Harmonisation Front and Centre: Researchers to Seek Regulatory Bridges
Fourth in a series by Daniel Stern, DVN General Editor
Regulatory harmonisation has long been a simultaneously deliberate goal and hurdle for the auto industry at large. In an ongoing series starting this past Spring, DVN has published a series of essays examining the intricacies under the deceptively simple-seeming surface of the matter.

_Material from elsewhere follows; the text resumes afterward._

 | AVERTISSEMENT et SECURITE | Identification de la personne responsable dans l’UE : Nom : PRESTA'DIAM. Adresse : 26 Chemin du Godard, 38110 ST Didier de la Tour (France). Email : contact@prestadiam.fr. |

In the beginning there was no regulatory harmonisation issue at all, because there were no regulations and the cars sold in each market were almost entirely unique to each market. Then vehicle import and export began and technical standards were adopted, different ones in different countries, but these differences were practically a non-issue. There were multiple approval or certification tests to pass, but for the most part vehicles could be made acceptable for the various markets by simply installing different headlamps and taillamps, different seat belts, different window glass, different bumpers, and other such easy bolt-ons. Until fairly recently, auto safety equipment evolved at such a relatively slow pace that regulatory harmonisation, despite its fervent advocates, was practically relegated more or less to a “that-would-be-nice” phenomenon.

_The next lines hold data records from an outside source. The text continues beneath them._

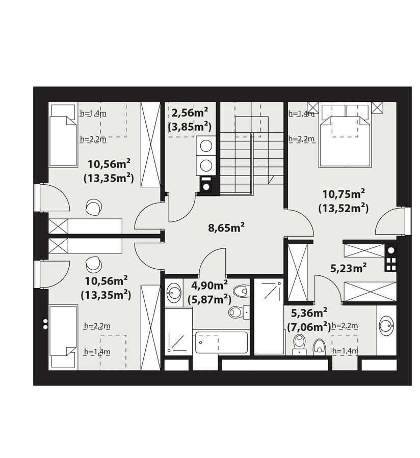 | Powierzchnia użytkowaDla domów parterowych: Suma powierzchni użytkowych wszystkich pomieszczeń bez garażu. Dla domów z poddaszem (dach spadzisty): Suma powierzchni użytkowych wszystkich pomieszczeń bez garażu i strychu. Na poddaszu, pod skosami dachu powierzchnię użytkową liczono wg zasady: - powyżej 2,2m wysokości pomieszczenia powierzchnia liczona w 100%, - pomiędzy 1,4m a 2,2m w 50%, - poniżej 1,4m powierzchnia nie jest brana pod uwagę. | 127.34 m² |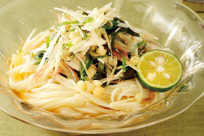 薬味の代表格であるみょうがと生姜、青じそに、鶏ささみやわかめ、揚げ玉を加えた「茗荷と生姜の冷やしめん」です。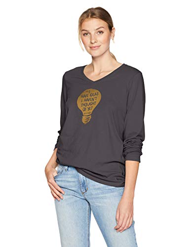 Life is Good Womens V-Neck Long Sleeve Graphic T-Shirt Collection,Ideas,Night Black,Medium

That is no longer the case. The technology and technique of regulated vehicle systems and equipment are evolving at a rapid and accelerating speed, and vehicle safety equipment is increasingly integral to the vehicle as a whole rather than a collection of bolt-on attachments. Regulations that keep advancements off their market’s cars not only hinder efforts to improve traffic safety, but also throw unprecedented costs on automakers and, down the line, on car buyers. A recent assessment of the matter done in Europe found that mutually exclusive regulations can inflate the price of a foreign vehicle by more than 25%. Moreover, impending international trade agreements are pressing the point. There is increasing consensus that the sleepy pace of regulatory evolution, adequate if sometimes annoying in the past, is now making problems and costs new degrees of urgency.